--- Problem statement ---
Please repeat each line from the one holding "Elevate your traditional" through the final line of the data, exactly as it stands, with no pictures.

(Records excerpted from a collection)

------------------------------------------------------------

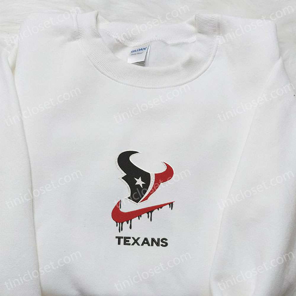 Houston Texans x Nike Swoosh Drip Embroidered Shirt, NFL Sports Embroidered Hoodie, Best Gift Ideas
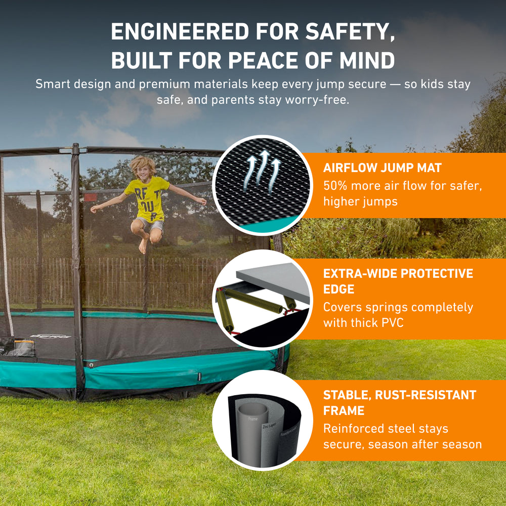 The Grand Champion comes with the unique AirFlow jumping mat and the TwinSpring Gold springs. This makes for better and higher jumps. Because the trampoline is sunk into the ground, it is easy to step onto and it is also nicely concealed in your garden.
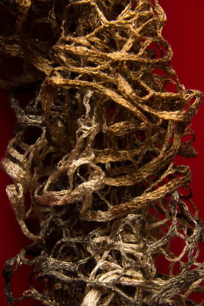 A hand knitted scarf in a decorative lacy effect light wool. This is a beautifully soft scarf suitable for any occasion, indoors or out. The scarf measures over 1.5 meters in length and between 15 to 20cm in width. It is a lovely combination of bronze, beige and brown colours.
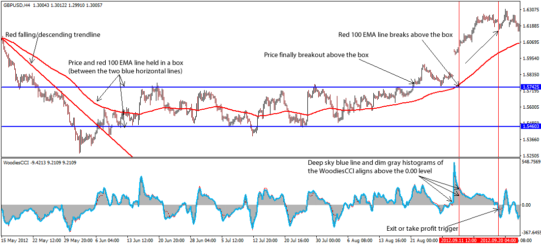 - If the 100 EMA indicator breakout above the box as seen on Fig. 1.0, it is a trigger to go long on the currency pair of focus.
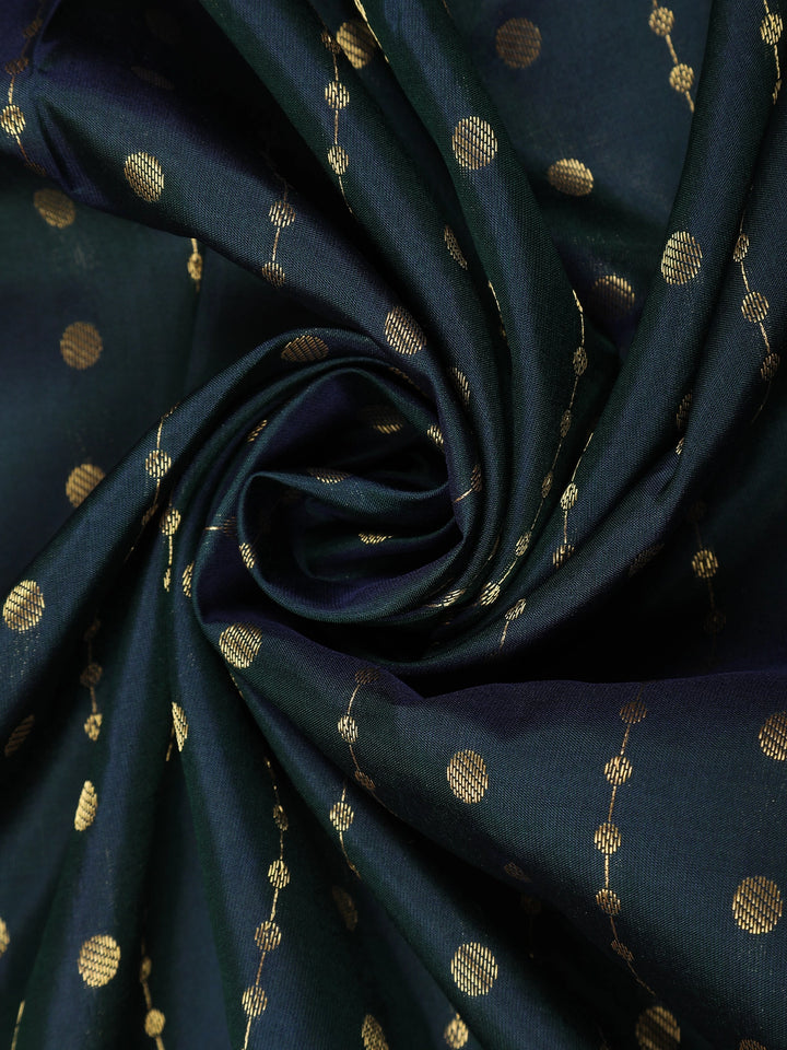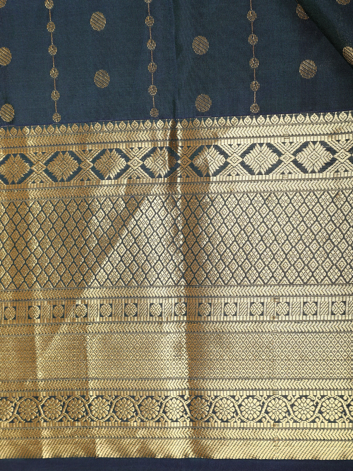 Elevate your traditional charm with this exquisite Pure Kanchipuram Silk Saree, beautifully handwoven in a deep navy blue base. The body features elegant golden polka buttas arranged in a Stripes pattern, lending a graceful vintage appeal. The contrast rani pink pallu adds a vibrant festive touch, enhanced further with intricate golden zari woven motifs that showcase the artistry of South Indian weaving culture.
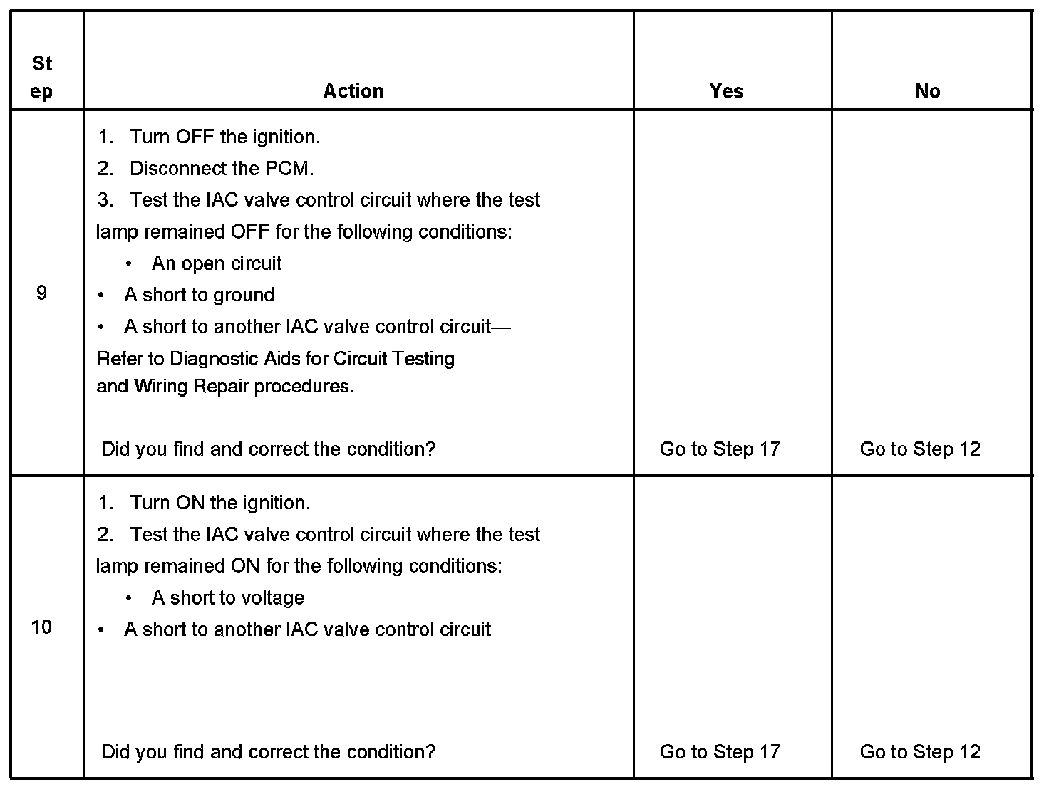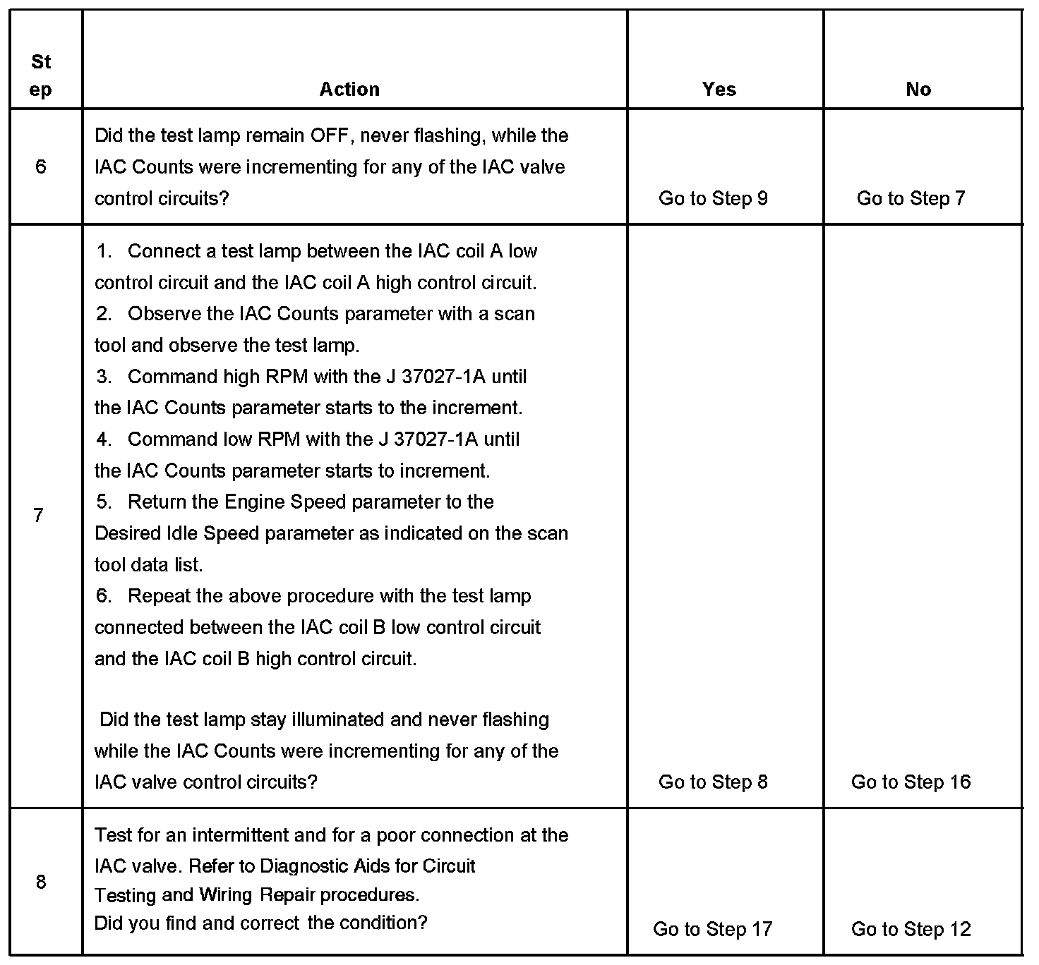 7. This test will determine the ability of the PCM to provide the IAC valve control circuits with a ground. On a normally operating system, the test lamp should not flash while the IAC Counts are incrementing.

------------------------------------------------------------

--- Response to this exercise ---
 Elevate your traditional charm with this exquisite Pure Kanchipuram Silk Saree, beautifully handwoven in a deep navy blue base. The body features elegant golden polka buttas arranged in a Stripes pattern, lending a graceful vintage appeal. The contrast rani pink pallu adds a vibrant festive touch, enhanced further with intricate golden zari woven motifs that showcase the artistry of South Indian weaving culture.
 7. This test will determine the ability of the PCM to provide the IAC valve control circuits with a ground. On a normally operating system, the test lamp should not flash while the IAC Counts are incrementing.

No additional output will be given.